Without callback, your website will not know that payment happened.

API Key

For each blockchain store created in Bcon panel, you receive a separate API key.

Important:

  • Bitcoin → its own API key
  • Ethereum → its own API key
  • Binance → its own API key
  • Tron → its own API key

You must send it in header:

Authorization: Bearer YOUR_API_KEY

3. Bitcoin vs EVM Chains vs Tron, Solana – Important Difference

This is VERY important for understanding how payments are identified.

Bitcoin (BTC)

Bitcoin uses xpub (extended public key).

Important:

  • xpub does NOT give access to funds
  • It can only generate addresses
  • It is safe to give to gateway

How it works:

For every invoice:

  • Bcon generates a NEW BTC address from your xpub
  • Each invoice has its own unique address

Example:

Invoice 1 → Address A
Invoice 2 → Address B
Invoice 3 → Address C

This makes identification VERY easy.

If 0.005 BTC arrives to Address B →
System knows → this is Invoice 2.

Ethereum, BSC (EVM chains) and Tron, Solana

EVM chains and tron, solana do NOT use xpub.

Option 1 — One Wallet for Multiple Invoices

How it works

All customers send payments to the same wallet address.

If multiple invoices with the same amount are created at the same time, the system cannot determine which invoice the payment belongs to.

Example:

  • Invoice #101 → 100 USDT
  • Invoice #102 → 100 USDT

Both customers receive the same wallet address.

If a payment of 100 USDT arrives, the system cannot identify which invoice should be closed.

How the problem is solved

The system automatically adjusts the amount for additional invoices by adding small decimal values.

Example:

  • Invoice #101 → 100.00 USDT
  • Invoice #102 → 100.01 USDT
  • Invoice #103 → 100.02 USDT

Now the system can identify the correct invoice by the exact payment amount.

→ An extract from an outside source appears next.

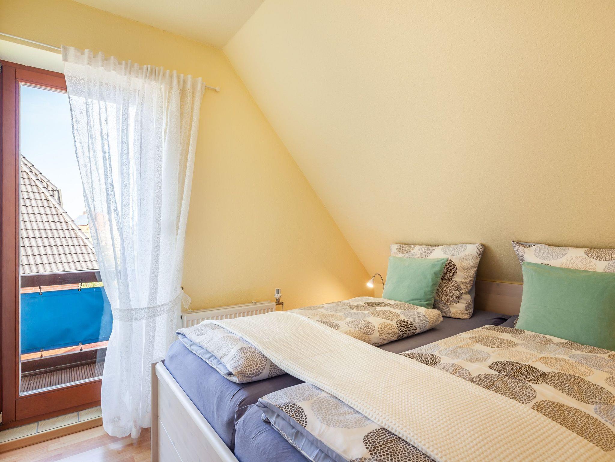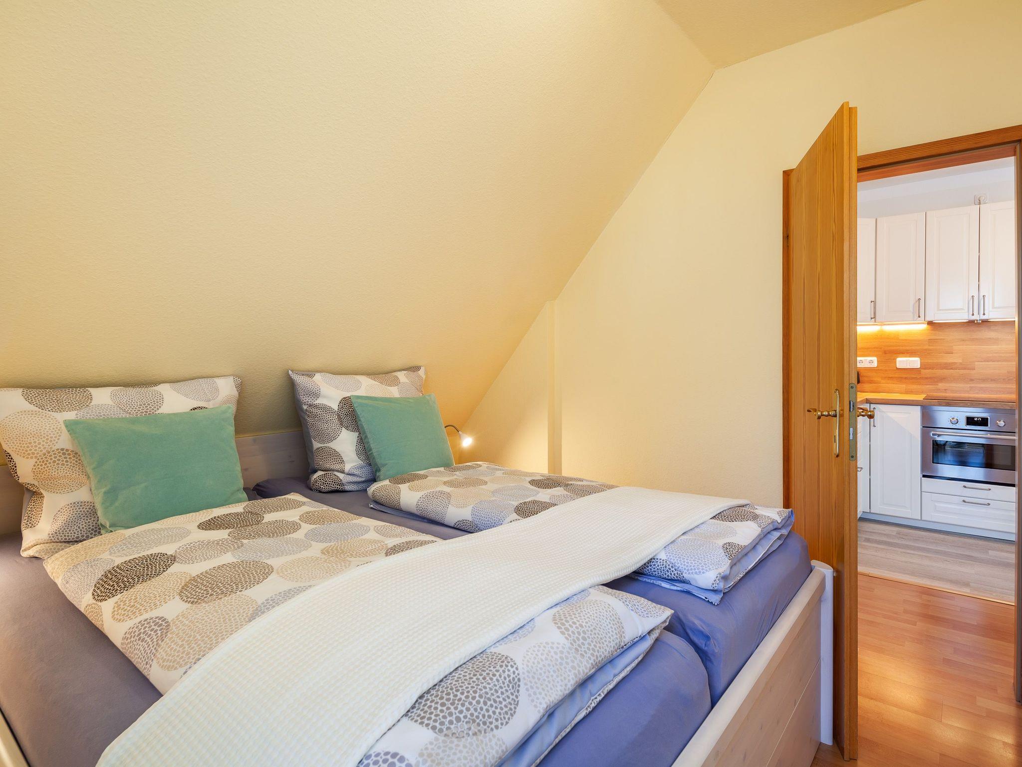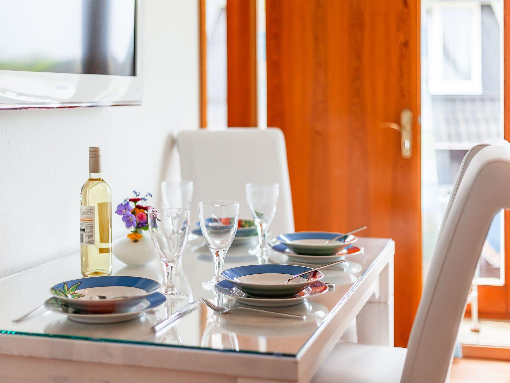 Die 50qm große Wohnung hat 3 Zimmer: ein Wohnzimmer mit Essplatz und integrierter komplett eingerichteter Einbauküche, ein Schlafzimmer mit Doppelbett und ein Kinderzimmer mit 2 Einzelbetten, sowie ein komfortables Duschbad. Die Einzelbetten des Kinderzimmers sind grosszügig bemessen (90x200 cm), so dass in der Wohnung 4 reguläre Schlafplätze vorhanden sind. Auf Wunsch werden auch Kleinkinderbetten und Hochstuhl gestellt. Der Balkon mit Sitzgelegenheiten lädt zum Verweilen an frischer Luft ein. Die Einrichtung der Wohnung ist neu und komplett ausgestattet.

The customer must send the exact amount shown in the invoice.

If the customer sends:

  • less,
  • more,
  • or a rounded amount,

the system may not be able to immediately determine which invoice was paid.

How it works

You configure several wallet addresses.

Example:

  • Wallet 1
  • Wallet 2
  • Wallet 3
  • Wallet 4
  • Wallet 5

Each new invoice is assigned to the next available wallet in rotation.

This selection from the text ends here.